We all know that older games are harder. I’m talking about games like Contra, Ninja Gaiden, and Battletoads. You can’t tell me that you didn’t want to rip out your hair when playing those.

I can understand why the developers back in the day made arcade games painstakingly difficult. They wanted you to put more coins in that machine. In their eyes, the more times you got a game over, the better. You’ll just end up spending more money once you feel you’ve got the hang of it—but you’ll just keep dying over and over again.

When consoles started coming out, the games were still just as hard, but you didn’t have to keep spending money to get one more try. It just ended up costing you your sanity.
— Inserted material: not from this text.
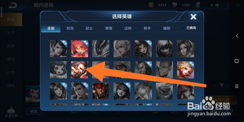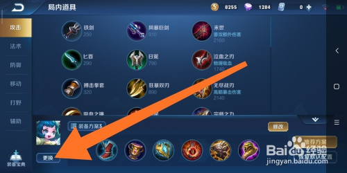 5.如图所示,我们点击箭头所指的“改换”按钮,就可以改换英雄了。

If the consoles themselves couldn’t collect money, then why did old-school console games have no change in difficulty?

The truth is, games still remained difficult because the developers didn’t have the technology to make them any easier. In the early days of video games, developers were mathematicians and computer science experts. Video games were built entirely from scratch, which doesn’t encourage an abundance of creativity. Today, developers have pre-programmed tools at their fingertips, making it easier to design user-friendly games.

Developers had plenty of limitations in the past, including the small storage space of cartridges. They weren’t able to create an eye-catching game with tons of amazing features. Instead, they focused on the gameplay itself, rather than graphics and ease-of-use. When you can only fit five levels on a cartridge, why not make them worth your time?
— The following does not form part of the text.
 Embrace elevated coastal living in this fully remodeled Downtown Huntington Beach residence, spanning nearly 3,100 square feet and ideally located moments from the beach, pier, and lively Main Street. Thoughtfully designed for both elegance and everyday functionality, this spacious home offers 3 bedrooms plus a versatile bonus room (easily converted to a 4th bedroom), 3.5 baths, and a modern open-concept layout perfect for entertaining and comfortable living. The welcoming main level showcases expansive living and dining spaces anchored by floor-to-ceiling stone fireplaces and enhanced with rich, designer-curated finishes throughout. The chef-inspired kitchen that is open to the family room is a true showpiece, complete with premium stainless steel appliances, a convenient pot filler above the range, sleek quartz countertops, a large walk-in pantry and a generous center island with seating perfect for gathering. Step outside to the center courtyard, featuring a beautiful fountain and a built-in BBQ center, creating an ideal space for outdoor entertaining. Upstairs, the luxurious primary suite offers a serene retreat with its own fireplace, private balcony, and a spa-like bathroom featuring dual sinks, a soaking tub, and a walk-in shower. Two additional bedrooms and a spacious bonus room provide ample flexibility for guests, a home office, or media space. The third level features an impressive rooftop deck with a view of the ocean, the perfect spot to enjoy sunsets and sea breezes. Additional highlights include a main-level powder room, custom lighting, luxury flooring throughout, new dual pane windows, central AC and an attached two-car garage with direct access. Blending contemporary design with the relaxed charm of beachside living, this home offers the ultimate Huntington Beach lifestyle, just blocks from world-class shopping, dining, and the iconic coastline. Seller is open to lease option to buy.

Technological Advances Mean Easier Gameplay

These days, developers want to show what technology can do. That’s why you’ll see beautiful games with disappointing gameplay, just like Anthem. Developers can fit tons of data on a single disk, giving them tons of freedom in terms of graphics.

Developers actually want you to finish their games—they spent too much time and money on graphics to have you quit after the first level. The only way for developers to show off their work is to make it easy enough to complete.

You no longer have to play games where you spend one hour trying to jump over a gap in a platform. Every game function has been refined, allowing you to run, jump, and fight with ease. The combat system has become laxer—your character typically has an increased health bar coupled with more logical controls. Such improvements allow you to run through games much faster.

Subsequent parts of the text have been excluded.